In California, the citizens of Palos Verdes have hired a full-time narcotics-education official (salary: $16,000) and set up a 24-hour-a-day "hot line," which troubled parents or children can use to call one of four churches for assis tance. Depending on the seriousness of the case, the caller is referred to a group-therapy session, a minister or a psychiatrist; more than a dozen doctors, lawyers and ministers are contributing their time.
Nothing, it seems, opens the generation gap wider than drugs. Says Palos Verdes' Rev. Mel Knight: "The kids know more about drugs than their parents, and the kids know that they know more. That makes it tough for a parent to have much influence." Yet, while it is certainly true that parents need to develop more knowledge and empathy, it is also true that their children may not know quite as much as they think they do. The final verdict on the safety or peril of pot is yet to be rendered, but youth should at least be willing to recognize that there are definite dangers in the use of Methedrine and LSD.

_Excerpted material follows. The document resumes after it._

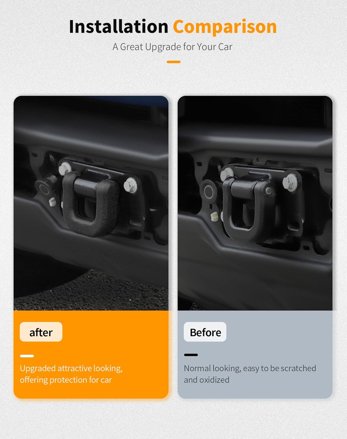 FUNCTION– This tow hook sleeves for Ford Bronco could effectively protect the tow hooks from dirt, debris. Additionally, they should be designed to be easily removable when the tow hooks are needed for recovery purposes.

Even the youngest have heard the words, and from that point it is not much of a jump to trial and error. Consider what happened when Lieut. Joseph Wysocki, of the Redondo Beach, Calif., police went to lecture kindergarten tots on crossing the street safely. "Do you know why I'm here?" he cooed to the little angels. A tiny blonde girl raised her hand. "I know. You're going to tell us about DSL." She got the letters backward, but give her time.